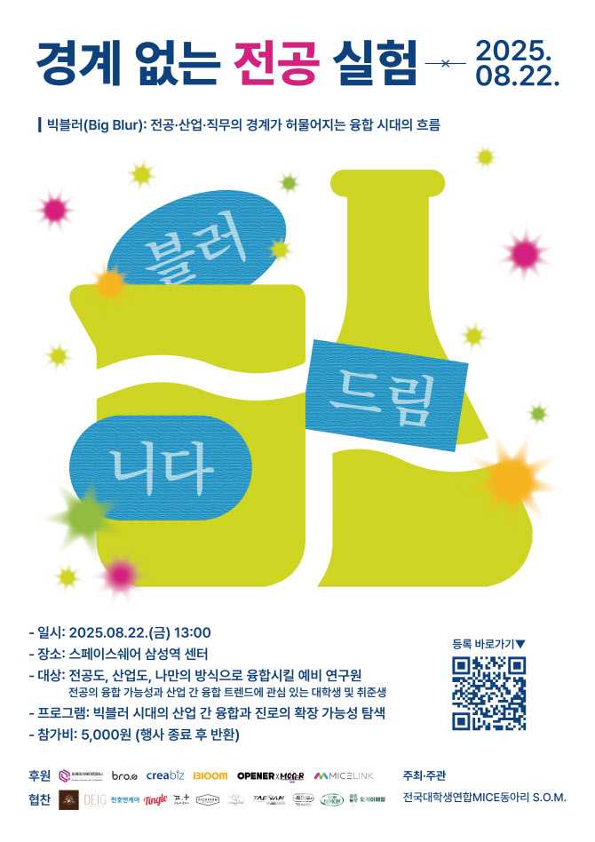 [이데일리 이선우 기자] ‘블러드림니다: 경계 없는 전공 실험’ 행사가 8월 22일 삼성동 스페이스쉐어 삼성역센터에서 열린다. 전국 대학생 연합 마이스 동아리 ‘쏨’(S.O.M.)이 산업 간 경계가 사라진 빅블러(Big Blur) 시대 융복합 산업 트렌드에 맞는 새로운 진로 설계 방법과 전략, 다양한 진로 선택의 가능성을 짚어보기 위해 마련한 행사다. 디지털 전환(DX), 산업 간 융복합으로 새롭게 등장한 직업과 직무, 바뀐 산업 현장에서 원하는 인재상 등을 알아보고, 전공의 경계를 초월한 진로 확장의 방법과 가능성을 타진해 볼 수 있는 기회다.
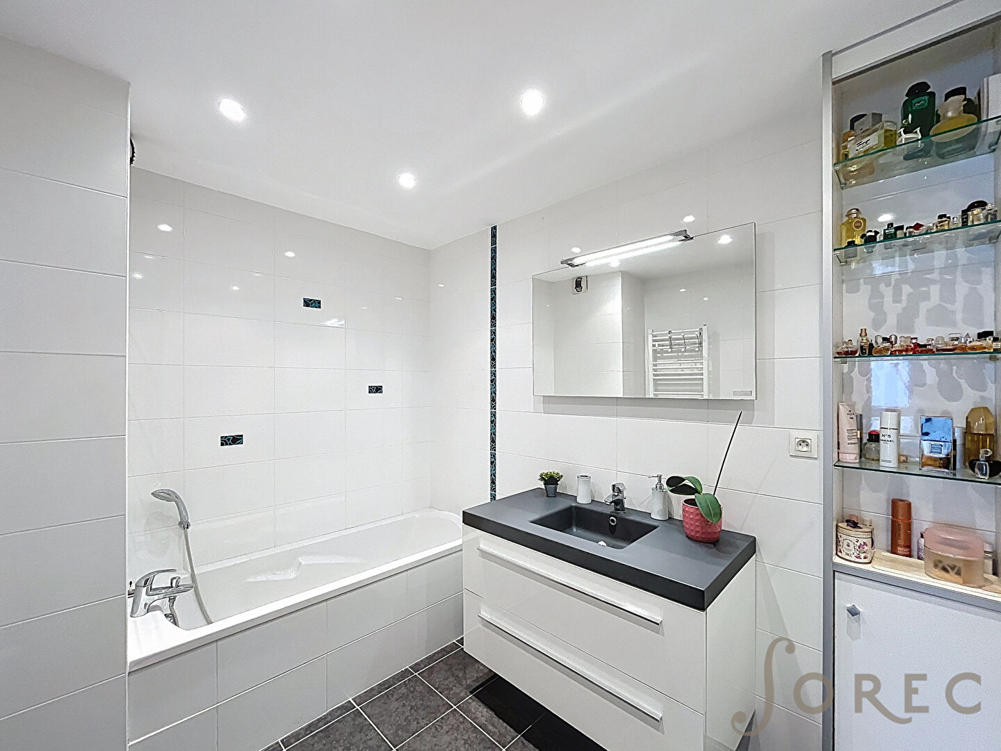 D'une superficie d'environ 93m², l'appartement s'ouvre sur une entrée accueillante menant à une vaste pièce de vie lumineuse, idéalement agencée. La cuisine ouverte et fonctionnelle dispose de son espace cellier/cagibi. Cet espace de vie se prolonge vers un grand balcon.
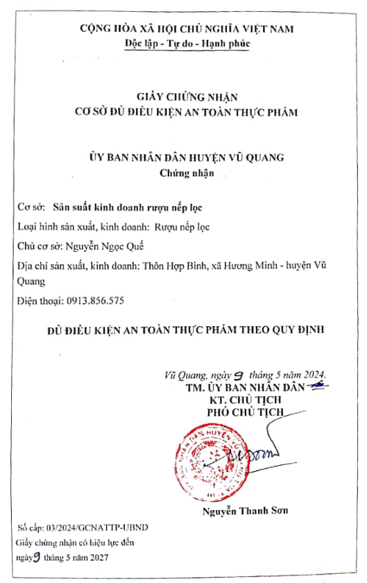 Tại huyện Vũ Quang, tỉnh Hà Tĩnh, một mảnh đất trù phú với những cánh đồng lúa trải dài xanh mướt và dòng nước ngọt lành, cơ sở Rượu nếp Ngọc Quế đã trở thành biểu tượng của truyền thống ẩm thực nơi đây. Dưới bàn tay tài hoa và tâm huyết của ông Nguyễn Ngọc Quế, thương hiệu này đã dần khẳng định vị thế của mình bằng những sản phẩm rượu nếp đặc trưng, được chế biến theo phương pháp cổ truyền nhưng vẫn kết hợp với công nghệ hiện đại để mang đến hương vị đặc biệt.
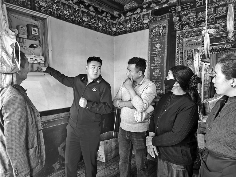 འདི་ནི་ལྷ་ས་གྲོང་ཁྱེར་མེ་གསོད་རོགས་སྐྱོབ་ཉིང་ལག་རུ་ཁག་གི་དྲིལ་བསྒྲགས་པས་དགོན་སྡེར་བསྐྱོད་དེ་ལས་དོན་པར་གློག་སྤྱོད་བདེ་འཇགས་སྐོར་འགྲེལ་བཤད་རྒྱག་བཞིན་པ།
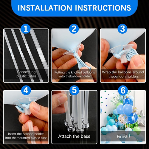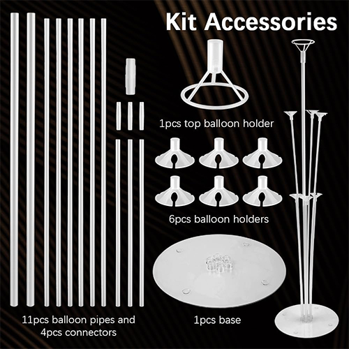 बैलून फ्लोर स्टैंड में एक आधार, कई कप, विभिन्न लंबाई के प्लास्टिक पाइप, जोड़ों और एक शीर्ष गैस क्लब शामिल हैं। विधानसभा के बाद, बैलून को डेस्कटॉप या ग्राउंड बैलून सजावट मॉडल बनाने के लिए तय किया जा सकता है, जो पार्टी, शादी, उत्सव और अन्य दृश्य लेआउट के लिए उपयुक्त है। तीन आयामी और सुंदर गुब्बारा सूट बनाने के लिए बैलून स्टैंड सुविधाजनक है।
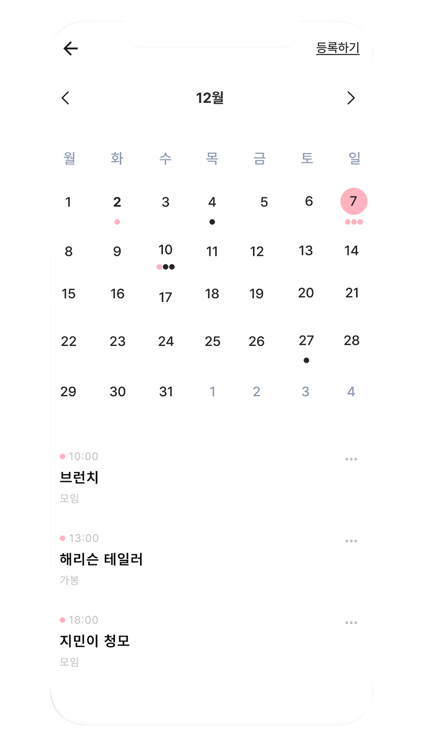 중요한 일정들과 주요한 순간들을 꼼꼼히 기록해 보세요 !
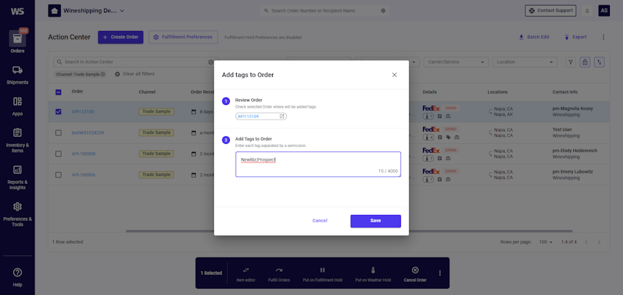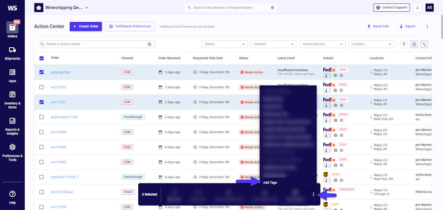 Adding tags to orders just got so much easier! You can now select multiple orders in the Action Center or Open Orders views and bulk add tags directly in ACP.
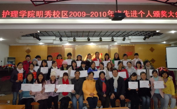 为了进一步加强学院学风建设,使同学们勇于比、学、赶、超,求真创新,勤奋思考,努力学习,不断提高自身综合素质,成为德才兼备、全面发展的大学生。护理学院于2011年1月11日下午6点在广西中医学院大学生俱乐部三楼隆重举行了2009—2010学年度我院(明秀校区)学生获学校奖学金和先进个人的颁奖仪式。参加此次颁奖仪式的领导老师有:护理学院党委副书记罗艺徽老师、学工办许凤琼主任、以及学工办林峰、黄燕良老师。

■ ■ ■

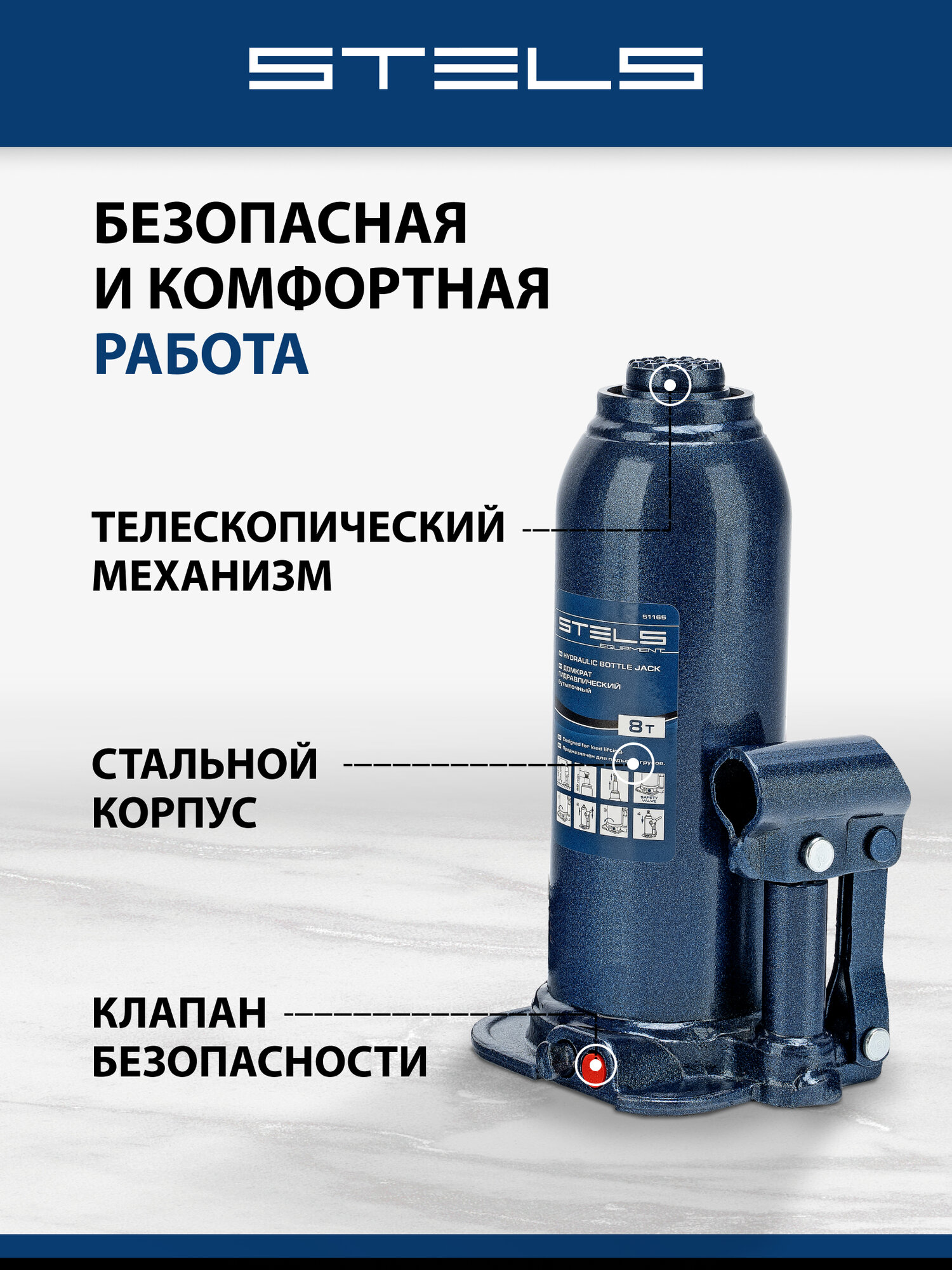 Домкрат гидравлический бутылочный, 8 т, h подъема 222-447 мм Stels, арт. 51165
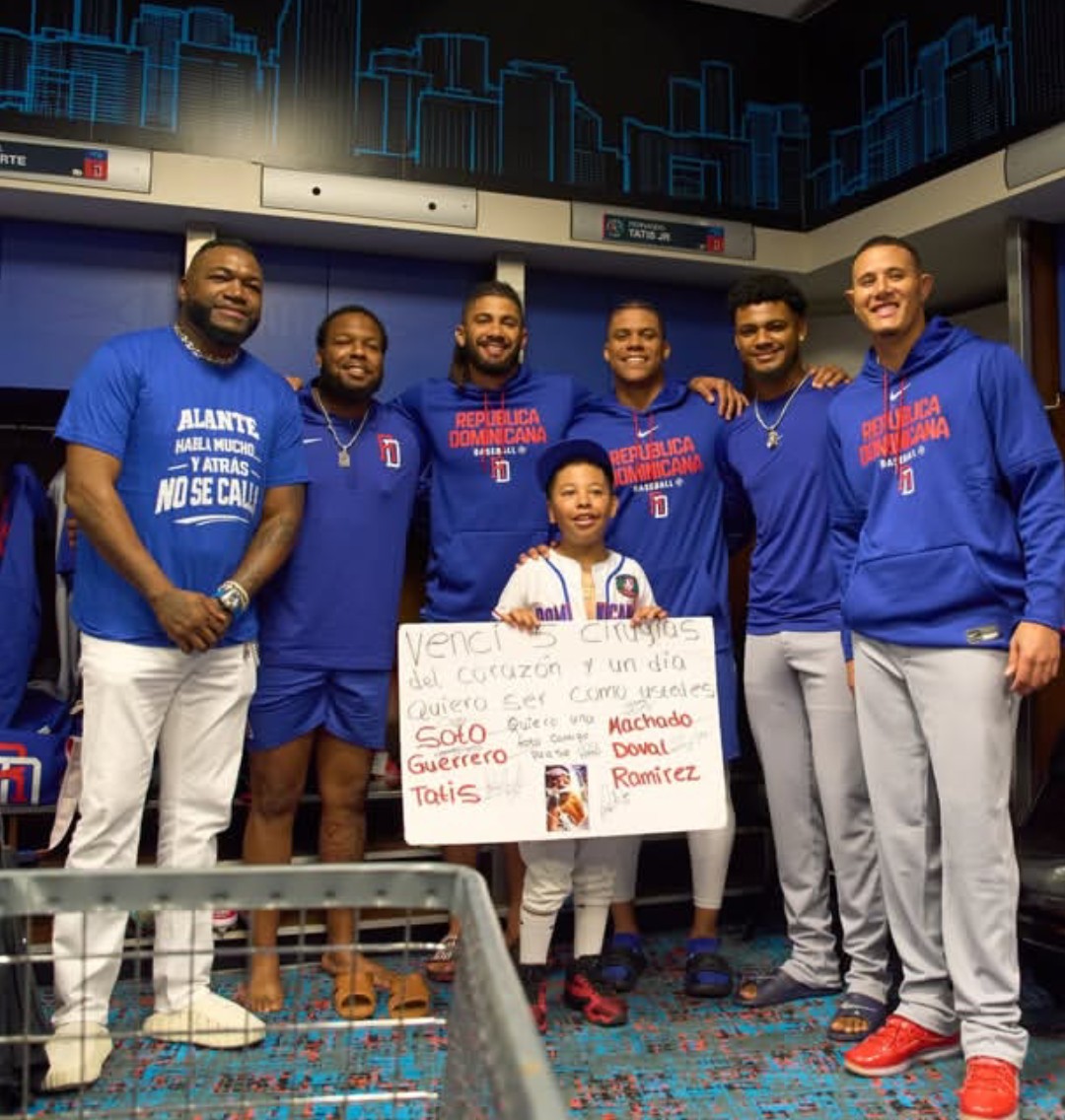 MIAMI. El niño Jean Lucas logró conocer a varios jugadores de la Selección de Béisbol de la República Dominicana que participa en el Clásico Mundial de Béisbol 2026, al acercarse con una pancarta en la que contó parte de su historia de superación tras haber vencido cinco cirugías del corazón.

■ ■ ■

EXERCISE OBJECTIVE:
If a picture sits between the line containing "Adding tags to" and the line containing "为了进一步加强学院学风建设,使同学们勇于", leave it out, and return the lines of that range above exactly, both ends included.

COMPLETED TASK:
 Adding tags to orders just got so much easier! You can now select multiple orders in the Action Center or Open Orders views and bulk add tags directly in ACP.
 为了进一步加强学院学风建设,使同学们勇于比、学、赶、超,求真创新,勤奋思考,努力学习,不断提高自身综合素质,成为德才兼备、全面发展的大学生。护理学院于2011年1月11日下午6点在广西中医学院大学生俱乐部三楼隆重举行了2009—2010学年度我院(明秀校区)学生获学校奖学金和先进个人的颁奖仪式。参加此次颁奖仪式的领导老师有:护理学院党委副书记罗艺徽老师、学工办许凤琼主任、以及学工办林峰、黄燕良老师。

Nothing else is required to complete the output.